EXERCISE DIRECTIONS: Up to and including the line that contains "ecipe: vegetarian chili", repeat the entries below exactly from the first line on. Do not carry over any pictures.
*** STUDY MATERIAL Section Begins ***
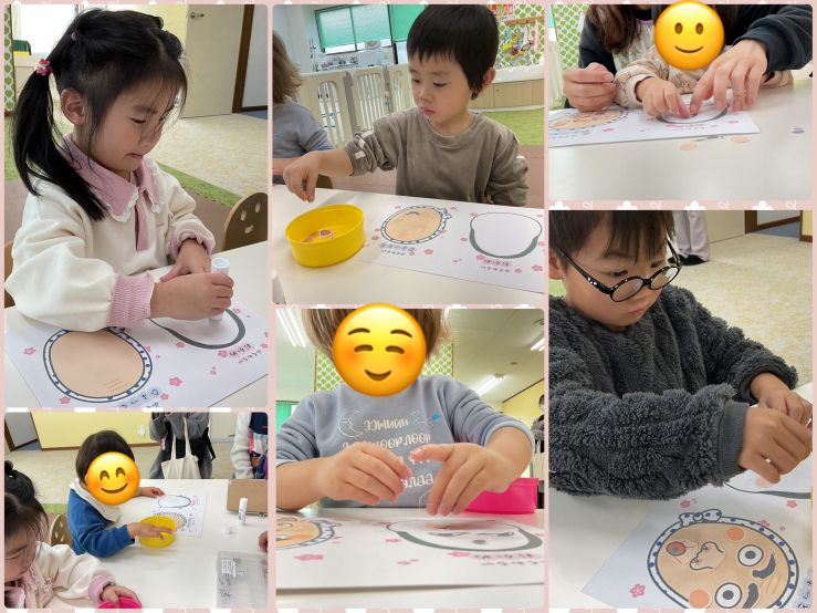 今回はお手本無しに顔のパーツを見て貼ってもらいました😊
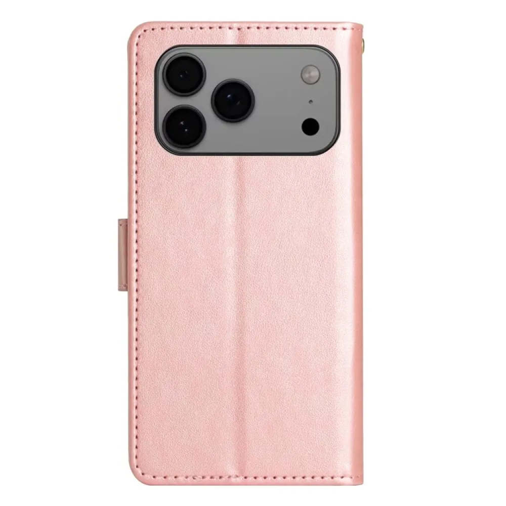 Rózsaarany Virágok pénztárca tok iPhone 17 Pro Max készülékhez
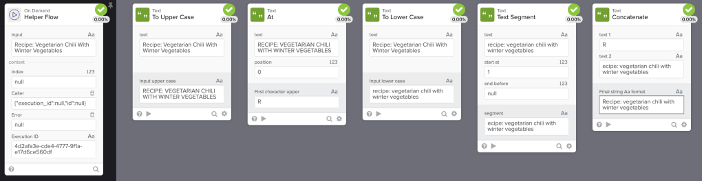 ecipe: vegetarian chili with winter vegetables). - The last card, the Concatenate card, combines the first character in upper case with the segment from step 5 in lower case. The final result is
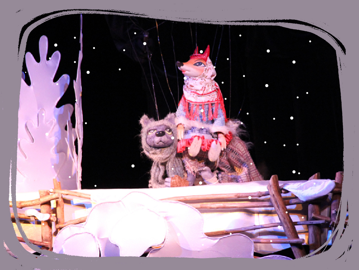 «Не ноги волка кормят, а острый волчий ум», — будто в насмешку над самим собой напевает горе-рыбак, пока его хвост полощется в ледяной проруби. Спектакль отличается прямотой и простотой высказывания: легкая и «белая» атмосфера снежной русской зимы создает соответствующий настрой у зрителя. Сама Зима — одушевлена; она — один из персонажей спектакля, «раздробленный» на несколько образов. Снеговик маленький, Снеговик большой, Снежный дедушка — герои не менее активные и значимые, чем Волк с Лисой.
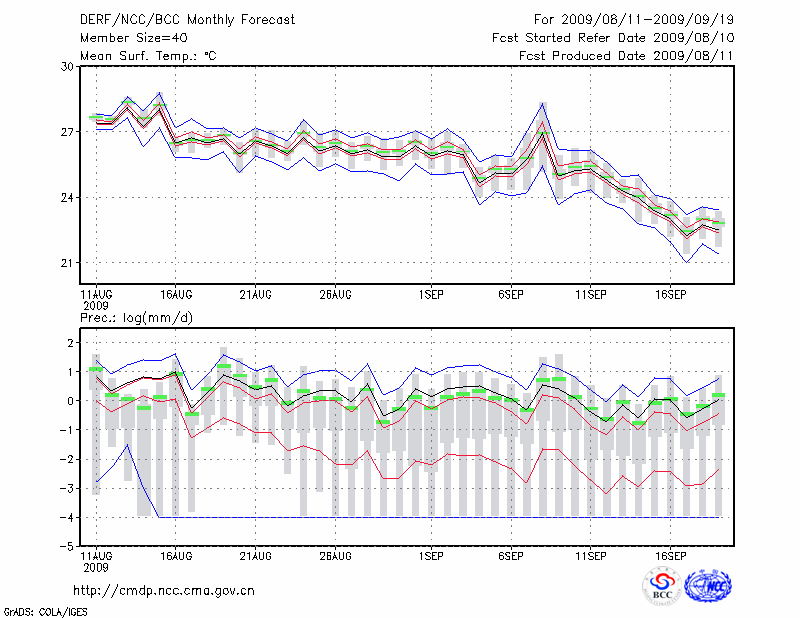 青 岛 (LAT:36.07 LON:120.33) 2009-08-11        预测
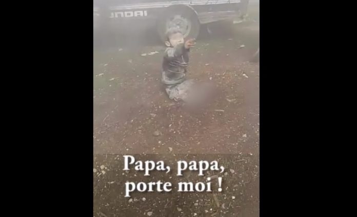 Dans la vidéo suivante on assiste à une explosion causée par un bombardement aérien au cours duquel le jeune enfant AbdelBasset d’Idlib a perdu ses deux jambes coupées par une violence déflagration.
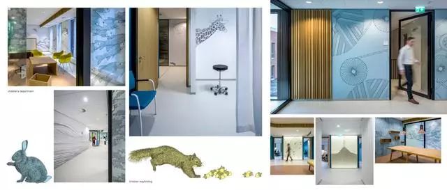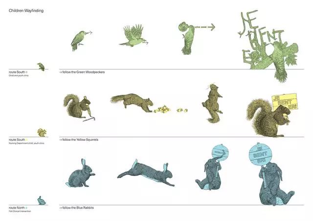 這個(gè)醫(yī)院還特別為孩子們?cè)O(shè)計(jì)了一套圖形導(dǎo)視系統(tǒng)。循著綠色啄木鳥、黃色松鼠和藍(lán)色兔子的腳印,去到一個(gè)個(gè)不同的醫(yī)療單元時(shí),看病的心情或許會(huì)完全不一樣了吧。
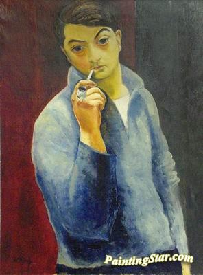 Self Portrait with a Pipe, Art Painting by Moise Kisling
*** STUDY MATERIAL Section Ends ***
TASK SOLUTION:
 今回はお手本無しに顔のパーツを見て貼ってもらいました😊
 Rózsaarany Virágok pénztárca tok iPhone 17 Pro Max készülékhez
 ecipe: vegetarian chili with winter vegetables). - The last card, the Concatenate card, combines the first character in upper case with the segment from step 5 in lower case. The final result is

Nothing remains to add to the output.